Para el Imperio Bolchevique que el judío Karl Marx engendró en teoría y que otros judíos materializaron en la URSS, sí hubo victoria. Para el Trono de Oro, para ese poder económico de magnates de bolsa que medran protegidos tras el poder político de cada nación, también hubo más jugosos dividendos que acrecentaron sus tesoros a costa del empobrecimiento de las masas. Y para los sionistas de Israel que hace casi dos mil años se dispersaron por el mundo, también brilló la aurora del triunfo y recuperaron fronteras, gobierno y un sitio de honor entre las Naciones Unidas.
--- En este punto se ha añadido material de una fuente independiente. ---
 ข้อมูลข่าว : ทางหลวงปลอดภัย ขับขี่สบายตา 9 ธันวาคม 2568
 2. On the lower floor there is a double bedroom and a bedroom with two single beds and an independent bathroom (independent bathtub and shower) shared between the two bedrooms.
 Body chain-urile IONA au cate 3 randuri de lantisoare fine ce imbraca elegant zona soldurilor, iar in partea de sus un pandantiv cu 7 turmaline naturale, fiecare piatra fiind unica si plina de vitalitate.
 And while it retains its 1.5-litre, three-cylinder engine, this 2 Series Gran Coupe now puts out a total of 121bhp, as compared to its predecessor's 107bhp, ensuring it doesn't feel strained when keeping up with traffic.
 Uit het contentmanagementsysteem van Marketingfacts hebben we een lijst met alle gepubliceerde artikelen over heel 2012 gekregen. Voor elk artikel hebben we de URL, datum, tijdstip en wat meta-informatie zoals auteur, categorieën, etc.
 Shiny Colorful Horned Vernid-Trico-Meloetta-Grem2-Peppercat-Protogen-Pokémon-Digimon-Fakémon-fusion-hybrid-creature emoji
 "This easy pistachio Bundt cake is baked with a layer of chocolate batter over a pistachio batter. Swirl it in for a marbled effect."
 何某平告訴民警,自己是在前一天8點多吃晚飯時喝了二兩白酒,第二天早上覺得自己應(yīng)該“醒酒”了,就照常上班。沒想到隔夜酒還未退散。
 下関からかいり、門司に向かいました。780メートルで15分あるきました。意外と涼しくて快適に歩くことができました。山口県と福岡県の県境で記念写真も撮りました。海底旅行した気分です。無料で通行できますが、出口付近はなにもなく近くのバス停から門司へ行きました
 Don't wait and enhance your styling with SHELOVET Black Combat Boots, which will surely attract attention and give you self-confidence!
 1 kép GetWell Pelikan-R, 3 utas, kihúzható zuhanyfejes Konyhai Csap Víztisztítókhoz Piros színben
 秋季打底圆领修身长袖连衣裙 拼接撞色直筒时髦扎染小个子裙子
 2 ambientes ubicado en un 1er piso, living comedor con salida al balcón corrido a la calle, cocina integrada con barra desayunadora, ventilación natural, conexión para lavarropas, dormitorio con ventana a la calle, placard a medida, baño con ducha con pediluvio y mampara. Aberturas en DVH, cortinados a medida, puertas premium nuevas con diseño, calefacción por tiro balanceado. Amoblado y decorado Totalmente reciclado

La ONU dio un tácito apoyo para que el movimiento judío atacara a los árabes y fundara el Estado de Palestina mediante la fuerza, pese a que esto se hallaba en pugna con los principios anteriormente sustentados por la propia ONU. En medio de matanzas (silenciadas por el monopolio informativo mundial) un millón de habitantes árabes fueron arrojados al desierto, sin que esto lo presente nadie como "un crimen contra la humanidad". El mundo árabe declaró la "guerra santa", pero bien pronto se vio que los israelitas no habían descuidado ningún aspecto de su conquista. Mientras ellos recibían abundantes armas modernas, los árabes se quejaban de que se les abastecía con municiones defectuo­sas o de calibre distinto al de su arma. Años más tarde se supo que eso fue obra de saboteadores que operaban en los altos círculos de Egipto. Cuando al fin la oficialidad logró derrocarlos (junto con el rey Faruk) ya era demasiado tarde. Israel surgió bajo el patrocinio de los jefes judíos de EE.UU. y de la URSS. Su primer presidente Ben-Zvi nació en Rusia y fue revolucio­nario bolchevique desde 1905. Su sucesor Zalman Chazar también procede de la URSS, lo mismo que el Premier Ben Gurion, la ministro de relaciones Golda Mayerson y otros funcionarios. Y Morgenthau, Secretario del Tesoro de EE.UU. en la época de Roosevelt, se fue a Israel como secretario del Tesoro. En 8 años Washington suminis­tró a Israel 257 millones de dólares, a costa del contribuyente americano abrumado de impuestos, y la ayuda ha continuado.